Information shown
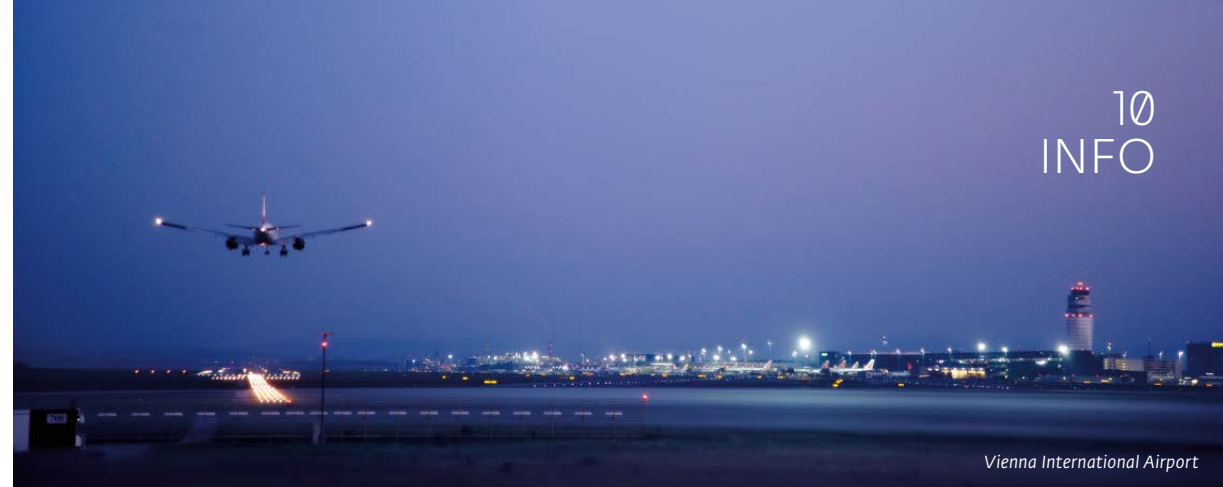
Vienna International Airport

Fare: from € 4.00 (incl. journeys on entire Vienna Transport Authority network)
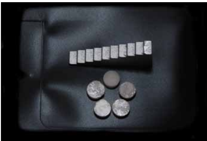
1 Specimen disks with modified step wedge.
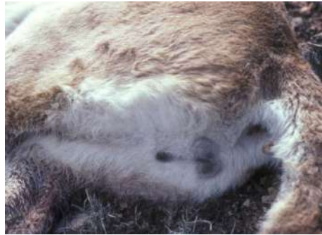
Male mountain lion hindquarters

FEMALES have only two spots below the base of their tail, including the anal opening hidden beneath the base of the tail and vaginal opening directly below the anus. The rest of the area behind the female's hindquarters is covered with white fur.

Problem requirements
Word for word, write out the lines above running from the one with "1 Specimen disks with modified step wedge." up to and including the one with "Male mountain lion hindquarters". Drop any picture.

Answer section
1 Specimen disks with modified step wedge.
Male mountain lion hindquarters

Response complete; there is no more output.